Suriye’nin yeni yönetiminin silah bırakmasını istediği terör örgütünün, buna şimdiye kadar yanaşmaması, hatta gündemine dahi almaması bir yönüyle küresel terör baronlarının ve destekçilerinin tembih ve teşvikiyle doğrudan bağlantılıdır.
Bölücü terör örgütü silah bırakmıyorsa, o silahları ellerinden alıp teröristlerin kafasında kırmak ve hepsini birden cezalandırmak Türkiye’nin beka ve güvenlik hakkıdır.
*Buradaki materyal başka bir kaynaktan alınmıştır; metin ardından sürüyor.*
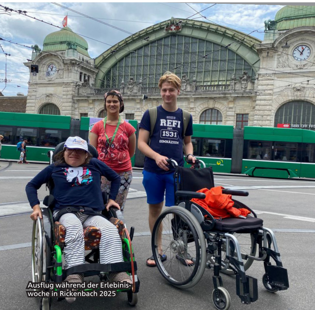
Ausflug während der Erlebinis- woche in Rickenbach 2025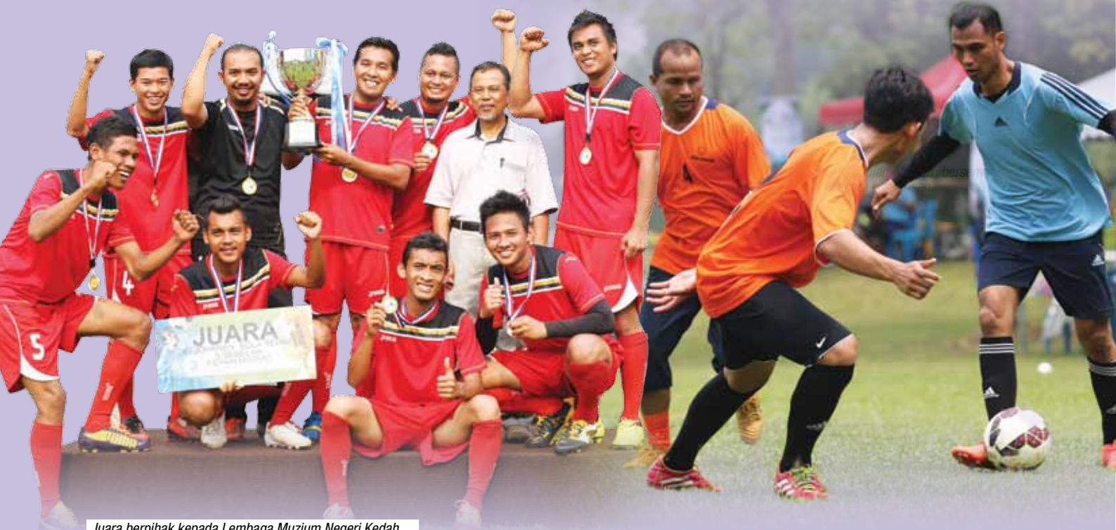
Juara berpihak kepada Lembaga Muzium Negeri Kedah.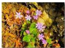
Fiori di epatica

Pietro Marcheselli - Canon Ixus 980 IS 2016 - Estate - Savignone - Fiori&Fauna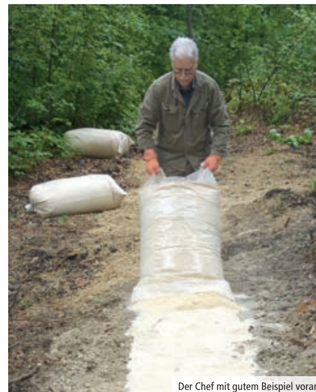
Der Chef mit gutem Beispiel voran.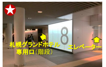
約300mほど進むと、右に大きな「8」のパネルが見えてきます。その奥に札幌グランドホテルの専用入口（階段）があります。階段を上るのが困難な場合は8番パネル手前のエレベーターをご利用ください。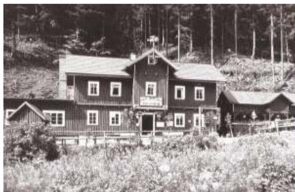
Bouda U Dívčích lávek.

Historický snímek, archiv Špindlerovské noviny.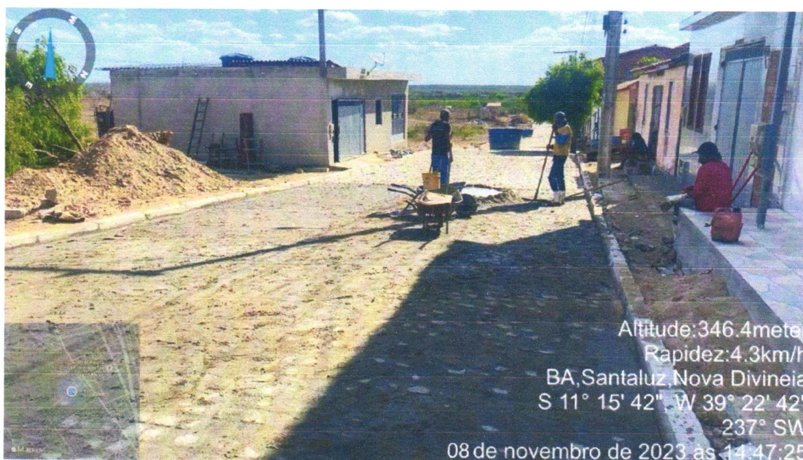
Execução de Pavimentação do Bairro Nova Divinéia, Rua F. Mascedo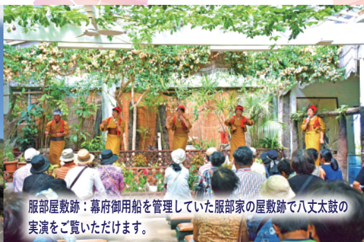
服部屋敷跡：幕府御用船を管理していた服部家の屋敷跡で八丈太鼓の実演をご覧ください。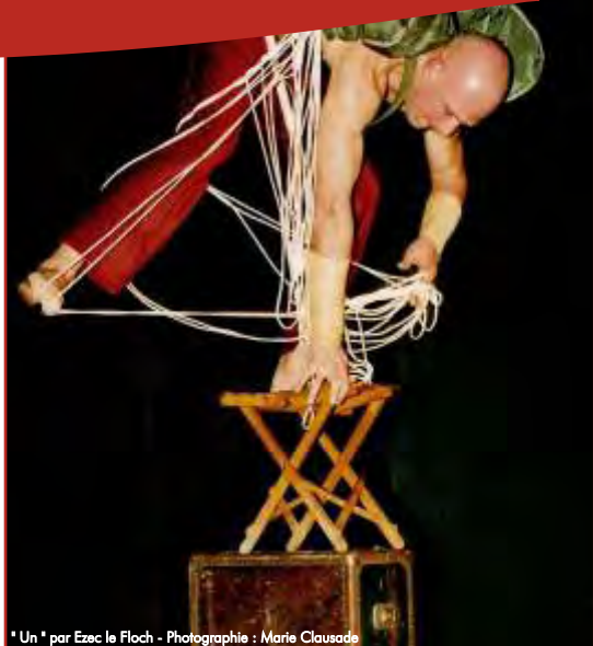
* Un * par Ezac le Floch

Bahçeli erken seçim beklentisinin hayali bir beklenti ve boşa kürek çekmek olduğunu ifade etti.
DEM Parti heyeti ile PKK lideri Abdullah Öcalan arasındaki görüşmelere değinen Bahçeli, “silah bırakma” çağrısını kastederek “beklenen çağrının” bir an önce yapılması gerektiğini ifade etti. Bahçeli şunları söyledi:
Adına DEAŞ denilen yapıyı kimin doğurduğu, kimlerin kucağında büyüdüğü, hangi hizmeti yaptığı ve sonunda efendileri tarafından aylarca nasıl bombardımana ve kimyasal saldırıya tabi tutulup yok edildikleri birkaç yıl öncenin gerçekleridir.
Bu açıdan şanı, şerefi, tarihi ve vicdanı çok büyük olan Türk milleti kaçınılmaz son vuku bulmadan ülkemize her türlü kötülüğü yapmış ve yapmak amacıyla pusuda bekleyen terör örgütüne ve bütün teröristlere bir kapı açmış bulunmaktadır.
Geliniz, silahlarınızı öldürülmeden önce siz kendi iradenizle bırakınız. Pişman olduğunuzu, bu mücadelenin asla sonuç vermeyeceğini açıklayınız. Binlerce insanımıza yaşattığınız acılardan duyduğunuz pişmanlığı duyurunuz. Küresel güçlerin hizmetinde bölgesel aktörler olmaya bir son veriniz. Aziz milletimizin sizler için reva göreceği akıbete teslim olunuz.
Son olarak diyeceğim odur ki, DEM heyeti ile İmralı arasındaki görüşmelerin terörsüz Türkiye’ye önşartsız destek olması ve beklenen çağrının bir an evvel açıklanması samimi dileğimdir.
Ne Mutlu Türk’üm Diyene. Ne mutlu terörsüz Türkiye’nin gün doğumuna.